The first is the fact that all magic -- sorry, lunabilities -- is pulled from a shared Luna pool that increases as everyone (friend or foe) attacks. This meter starts out fairly skimpy, but is bolstered by the number of party members and by running mini-quests for villagers (more on them in a second), and the twist is that everyone in the fight, both good and bad, pull from this pool. You can smack an enemy while they're charging up their spell and cancel it out, but they can do the same, so there's strategy in using magic. Do you keep attacking with weapons to build up the gauge so you can do a more powerful magic-based attack or support spell, or do you dip into it to keep enemies from doing the same?
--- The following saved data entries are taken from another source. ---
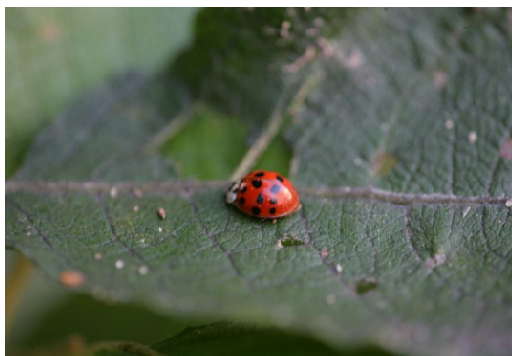
Fig. 4. Imago of Harmonia axyridis (Pall.)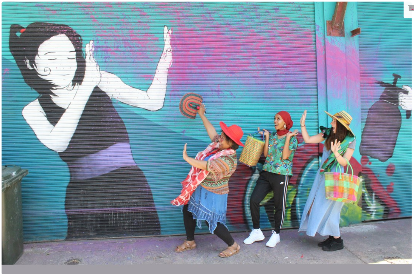
Space 2B Laneway Festival

We want to help you create events that celebrate our City's community spirit, identity, arts and culture. Not-for-profit orgs and community groups are invited to apply for our Local Festivals Fund Recovery grants up to $10,000 to develop small to medium-scale local neighbourhood festivals or events.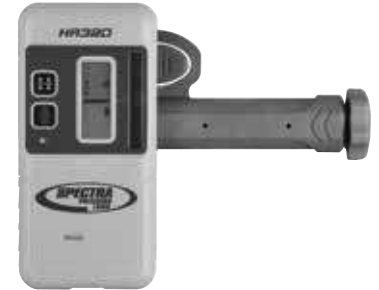
HR320 Receiver and C59 rod clamp included with every package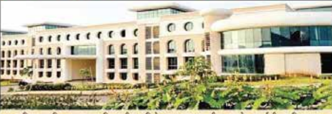
नाशिक आणि अहमदनगर जिल्हातील पहिले, उत्तर महाराष्ट्रातील एकमेव फार्मसी महाविद्यालय

नाशिक, स्वयंपूर्वीचाई घुले पुणे विद्यापीठ संलग्न संदीप फार्मसी महाविद्यालय संदीप इन्स्टिट्यूट ऑफ फार्मास्युटिकल सायन्सेस (SIPS) ने राष्ट्रीय मान्यतांकन आणि मान्यतांकन परिषदेने (NAAC) दुसऱ्यां फेरीत A+ ग्रेदी देऊन गौरविले आहे. महाविद्यालयास एकूण 4 सीविएएफ्सी 3.37 गुण प्राप्त झाले आहे. SIPS नाशिक आणि अहमदनगर जिल्हातील पहिले प्रत्येकी महाविद्यालय आहे ज्याने असे प्रमाणित मान्यतांकन प्राप्त केले आहे. या मान्यतांकनामुळे संस्थेने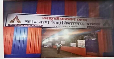
কামৰূপ মহাবিদ্যালয়ৰ আত্মতীয়াকৰণ কেন্দ্ৰ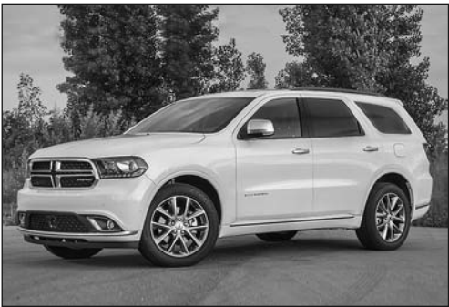
2019 Dodge Durango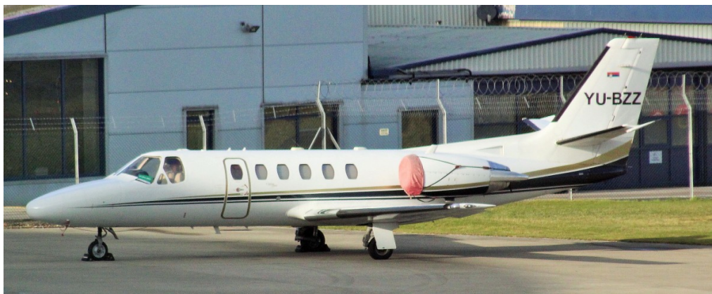
YU-BZZ Citation Bravo 04/11 Mike Storey

14:33 to EMA, Citation Bravo YU-BZZ dep 14:46 to Vnukovo, Gulfstream G280 N905G arr 18:32 fr Toledo until 6 th , Falcon 7X G-OIMF arr 20:34 fr Louisville until 13 th ,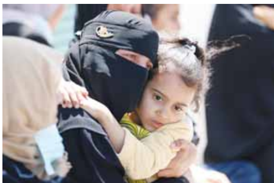
Mourners are seen as people rebury the bodies of Palestinians killed during Israel's military offensive and buried earlier at Nasser hospital, in Khan Younis in the southern Gaza Strip.

T he United States appears close to sanctioning an Israeli military unit over alleged human rights violations in the West Bank, a move the Israeli prime minister angrily denounced as "the height of absurdity". US Secretary of State Antony Blinken hinted at such steps when asked by a reporter in Italy about reports that his department had recommended cuts in military aid to an Israeli unit involved in violent incidents in the West Bank. The allegations preceded the deadly October 7 attacks by Hamas on southern Israel. Blinken, without providing details, said that his department is conducting investigations under a law that prohibits sending military aid to foreign security units that violate human rights with impunity. He then added: "I think it's fair to say that you'll see results very soon. I've made determinations; you can expect to see them in the days ahead." In late 2022 the State Department directed embassy staff in Israel to investigate alleged abuses in the West Bank by the army's ultra-Orthodox Netzah Yehuda battalion. That included a January 2022 incident which a 78-year-old Palestinian American died of a heart attack after being detained. Although the allegations precede the Hamas attacks and Israel's retaliatory war in Gaza, the suggestion of any sanctions against Israeli forces drew an angry response from Prime Minister Benjamin Netanyahu. "In recent weeks, I have been working against the imposition of sanctions on Israeli citizens, including in my con-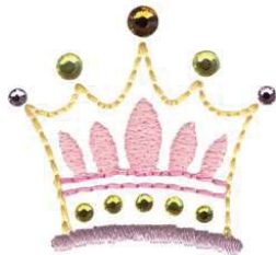
CM206_48 Princess Crown 1.41 X 1.30 in. 35.81 X 33.02 mm 1,243 St. ◊ S

This has to be weighted against the game's other major deviation from other RPG habits: item crafting. See, all weapons in the game break. It's inevitable, so just using them means you'll whittle away at the on-screen meter that shows the durability. Both weapons and armor in towns are incredibly expensive later in the game, so equipping your whole party is a financial impossibility, but if you take an item to an appraiser, they'll break the sword or wand or bracelet down into core parts, which you can then buy from shops to build your own.
Because weapons and armor are often bonded with earth, fire, water or wind elements, it's best to let one of your party members craft toward their affinity. The results are a fraction of the price of store-bought goods, and you can make unlimited supplies so long as you have the materials. The recopies aren't terribly tough to understand, and the prices of raw materials are cheap enough that you can start messing with stuff fairly quickly, though this can often yield weapons that are too powerful to use. Still, is a simple system, though your enjoyment of the game will be directly proportional to how much you like crafting.
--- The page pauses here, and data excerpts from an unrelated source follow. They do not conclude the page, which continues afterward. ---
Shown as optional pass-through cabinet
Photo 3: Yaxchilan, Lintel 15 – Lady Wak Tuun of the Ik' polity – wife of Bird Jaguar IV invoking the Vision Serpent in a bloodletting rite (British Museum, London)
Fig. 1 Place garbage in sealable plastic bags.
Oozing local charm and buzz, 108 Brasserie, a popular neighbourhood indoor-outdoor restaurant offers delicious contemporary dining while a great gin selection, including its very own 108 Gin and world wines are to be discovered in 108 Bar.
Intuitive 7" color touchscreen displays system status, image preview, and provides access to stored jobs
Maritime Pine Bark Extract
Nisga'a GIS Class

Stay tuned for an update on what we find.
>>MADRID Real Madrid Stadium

It's not a perfect science, and you'll often botch a job, but the item lost into the process is almost always a common one. More powerful versions of weapons and armor are dropped by enemies and found in chests out in the world, but there are items which can't be appraised and are thus limited to whatever their natural durability is. Since weapon breaks are inevitable, the battle system forces you to balance out physical attacks (and most of the offensive lunabilities also use weapons), with more passive or supporting spells, and all this must be done while watching the Luna pool to make sure enemies aren't cranking up either.
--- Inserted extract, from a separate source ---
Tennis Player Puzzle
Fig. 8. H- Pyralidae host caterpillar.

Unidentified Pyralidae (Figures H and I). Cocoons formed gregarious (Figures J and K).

The battles themselves are fairly brisk, and occur with short load times. If you do manage to work up enough of the Luna pool all the available characters (read: the ones that haven't taken their turn yet or aren't waiting for it to come up again) can combine their assaults with a massive blow that uses everyone's turn at once. If you tap X at the moment the attack circle is widest, you'll do the most damage with the spell. It's actually a nice little timing-based game, albeit a fairly simple one.
When you're not running around forests or deserts or volcanoes or medows, you'll be in town, often times fetching supplies or chatting with villagers. This makes up the bulk of the game's side-quests (though you can talk to some guards and trade in monster drops for some cash), and it actually feels more like an massively multiplayer online RPG than a console effort.
If you have friends around that have copies of the game, you can rock the game Ad-Hoc-style, with all players dropping into their own parts of a dungeon. Teamwork here is key, since anyone who opens a chest will keep the item inside, and they can't be traded, so talking to other players and coordinating who gets what chest is important. If one person encounters a monster, everyone will fight it, however, which is an interesting twist, and once everyone has looted a dungeon, you'll fight a final boss monster. The prizes doled out here can then be taken into the main game, though they're ultra-rare, can't be appraised and are often limited-use. All other experience and items found throughout the dungeon stay in your little Ad Hoc world.